- Try it: From top to bottom, write out the listing exactly and skip every picture.

- Material for this task:
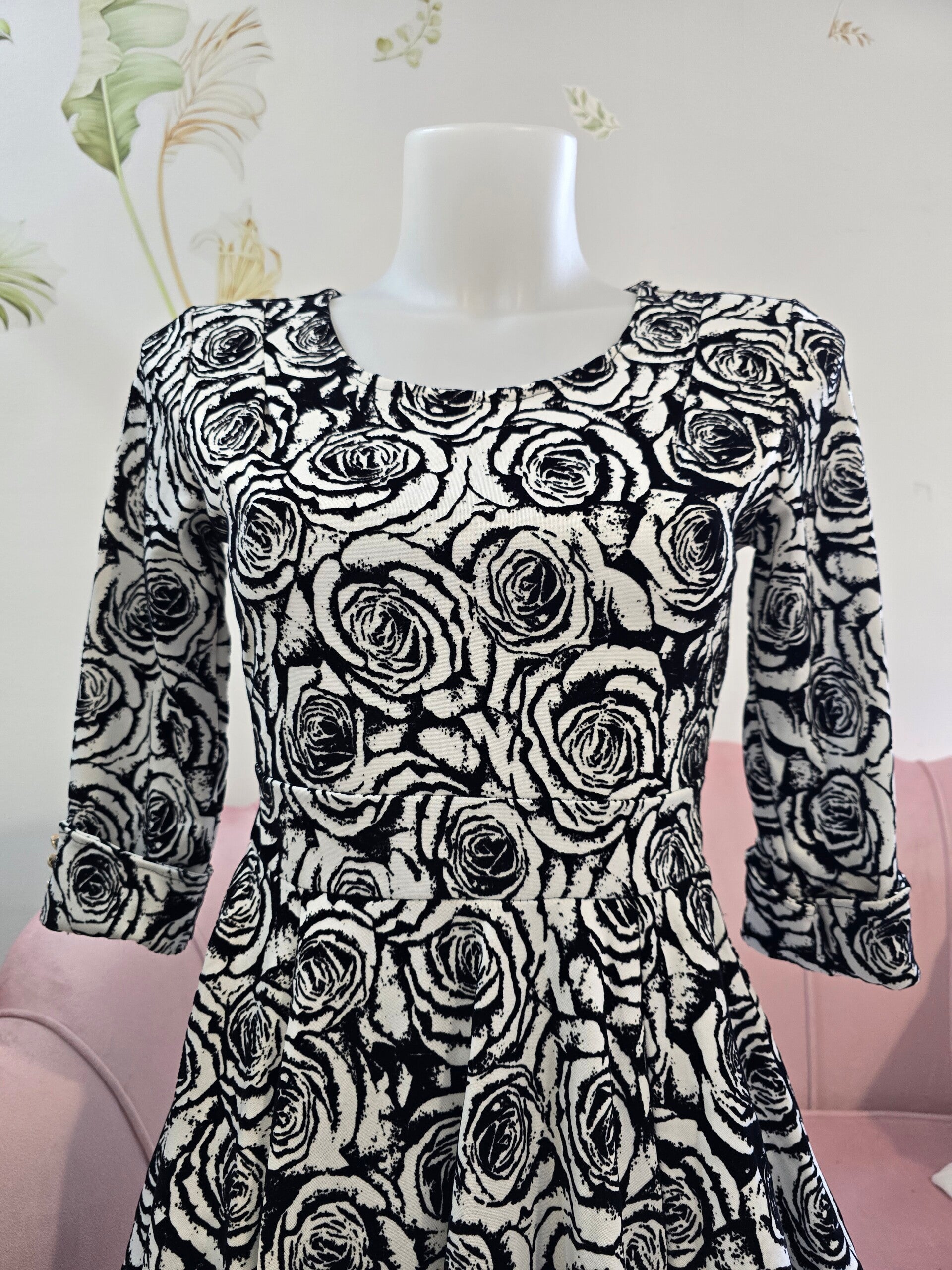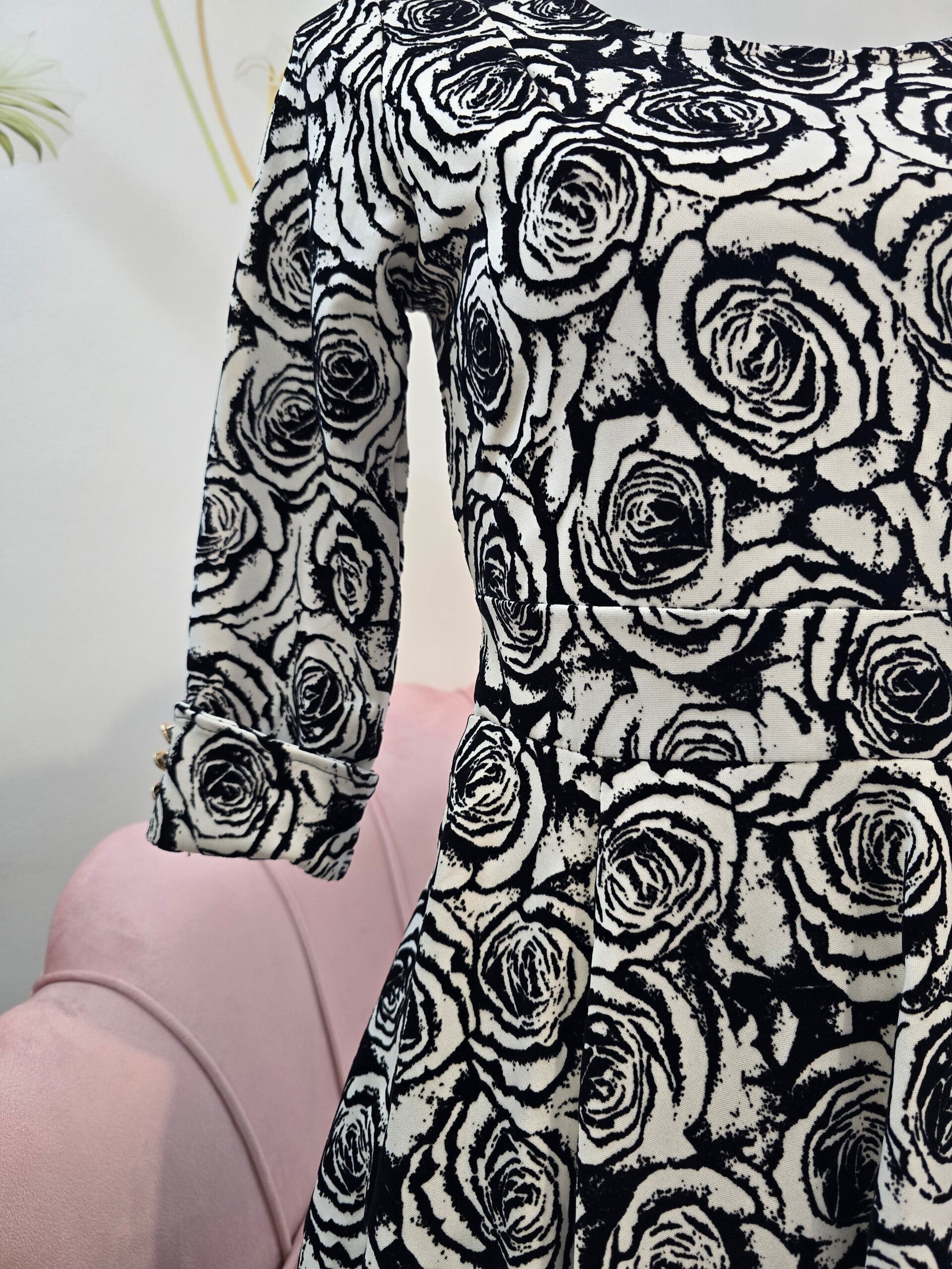 Vestito Elegante con dettagli rose bianco e nero taglia S/M
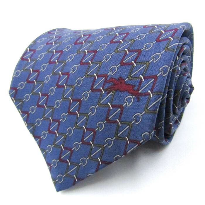 Longchamp ロンシャン ブランド ネクタイ シルク 総柄 メンズ ネイビー 【中古】
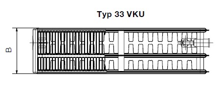 Deskové otopné těleso RADIK VKU s ventilem, pravé nebo levé spodní připojení. Rozteč 50mm, 2x G1/2" vnitřní. Hloubka B = 155mm.
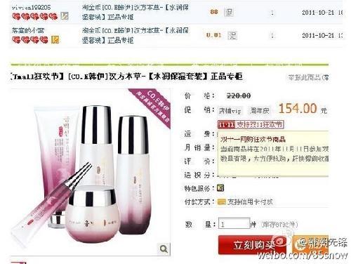 “收藏了4000多的东西,只有一家是真的平时的五折。”网友“大小姐小媳妇”一早就在微博上抱怨此次活动的折扣远没有宣传的那么大。而另一位网名为“韩潮先锋”的网友更是在微博上晒出一款某品牌的护肤品,标注其活动价格为154元,而销售记录却显示其在10月的售价仅为88元。
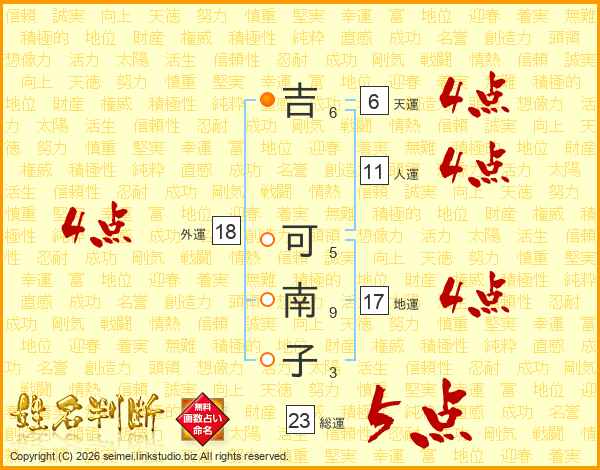 吉可南子さんの外運は18画の4点!
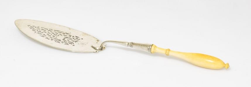 643. Pelle de service ajourée d'une urne et rinceaux, monogrammée JP
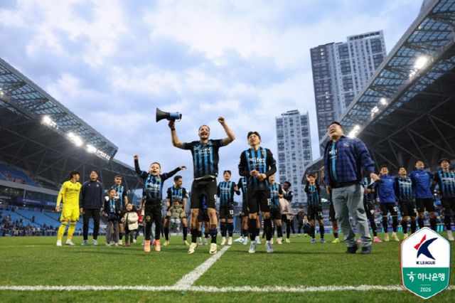 인천은 지난 5일 인천축구전용경기장에서 열린 하나은행 K리그1 2026 6라운드 안방 경기에서 김천 상무를 2-1로 제압했다.
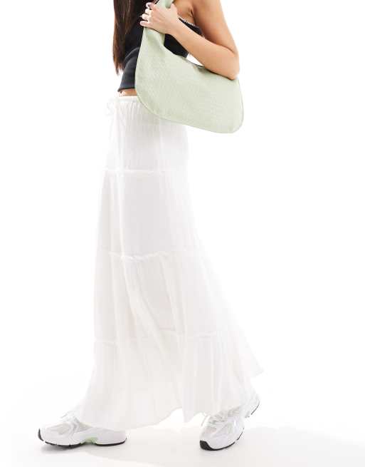 Pull&Bear – Gestufter Maxirock in Weiß
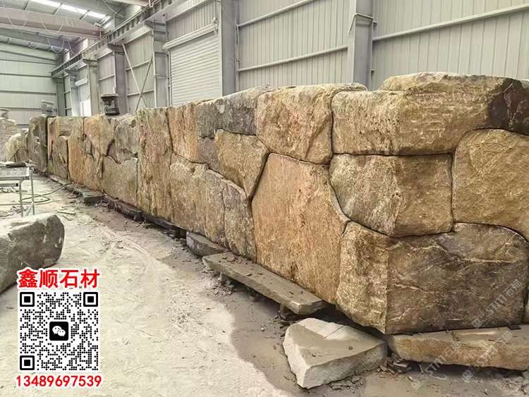 商圈 > 花崗巖 > 黃銹石壘墻石自然面墻磚天然石皮背景墻護坡石黃色毛石

- Reply:
 Vestito Elegante con dettagli rose bianco e nero taglia S/M
 Longchamp ロンシャン ブランド ネクタイ シルク 総柄 メンズ ネイビー 【中古】
 Deskové otopné těleso RADIK VKU s ventilem, pravé nebo levé spodní připojení. Rozteč 50mm, 2x G1/2" vnitřní. Hloubka B = 155mm.
 “收藏了4000多的东西,只有一家是真的平时的五折。”网友“大小姐小媳妇”一早就在微博上抱怨此次活动的折扣远没有宣传的那么大。而另一位网名为“韩潮先锋”的网友更是在微博上晒出一款某品牌的护肤品,标注其活动价格为154元,而销售记录却显示其在10月的售价仅为88元。
 吉可南子さんの外運は18画の4点!
 643. Pelle de service ajourée d'une urne et rinceaux, monogrammée JP
 인천은 지난 5일 인천축구전용경기장에서 열린 하나은행 K리그1 2026 6라운드 안방 경기에서 김천 상무를 2-1로 제압했다.
 Pull&Bear – Gestufter Maxirock in Weiß
 商圈 > 花崗巖 > 黃銹石壘墻石自然面墻磚天然石皮背景墻護坡石黃色毛石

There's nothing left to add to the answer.